WORK TO COMPLETE:
Below are some entries. Transcribe the lines from the one holding "그 이유는 2030 월드 엑스포 이슈와 이와 관련된 북항 재개발 때문입니다." to the one holding "Attention to details.", inclusive, but not the pictures among them.

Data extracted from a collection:
========

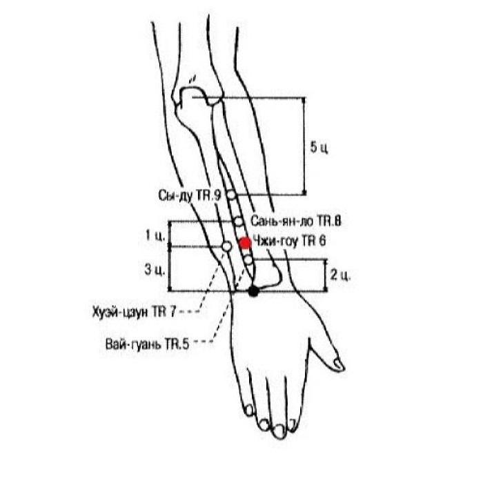 1. Вай-гуань TR.5 — точка коллатерали ручного шао-ян канала Сань-цзяо. В каноне «Лин шу» говорится:
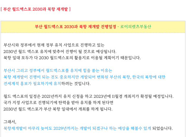 그 이유는 2030 월드 엑스포 이슈와 이와 관련된 북항 재개발 때문입니다.
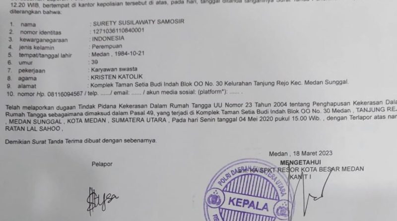 Selain itu, Surety juga membeberkan sejumlah bukti KDRT, yang saat ini tengah ditangani Polda Sumut namun masih proses pemanggilan ke 2 (dua) dan laporan itu juga sudah hampir setahun umur nya, namun pihak penyidik Poldasu juga masih belum menemukan tersangka nya, meski jelas jelas terlapor nya ‘Ratan Lal Sahoo’ [WNA] dan orang yang sama pada laporan penelantaran anak di Polrestabes Medan.
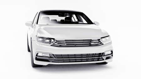 Attention to details. Particle view of modern luxury white car parked indoors at daytime.
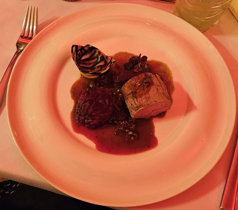 Następnie przyszedł czas na danie główne mięsne, które wyserwował gospodarz kolacji i Excecutive Chef Restauracji Salt w Copernicus Toruń Hotel - Dawid Wojciechowski. Polędwica cielęca w towarzystwie cappelletti z nerkami cielęcymi z dodatkiem czerwonej kapusty i burakiem to klasyk, ale nie zabrakło kreatywności - buraczki zostały podane w formie... mózgu. Sos pieprzowy z kaparami dodał intensywności, która przyjemnie drażniła podniebienie.

========

RESULT OF THIS TASK:
 그 이유는 2030 월드 엑스포 이슈와 이와 관련된 북항 재개발 때문입니다.
 Selain itu, Surety juga membeberkan sejumlah bukti KDRT, yang saat ini tengah ditangani Polda Sumut namun masih proses pemanggilan ke 2 (dua) dan laporan itu juga sudah hampir setahun umur nya, namun pihak penyidik Poldasu juga masih belum menemukan tersangka nya, meski jelas jelas terlapor nya ‘Ratan Lal Sahoo’ [WNA] dan orang yang sama pada laporan penelantaran anak di Polrestabes Medan.
 Attention to details. Particle view of modern luxury white car parked indoors at daytime.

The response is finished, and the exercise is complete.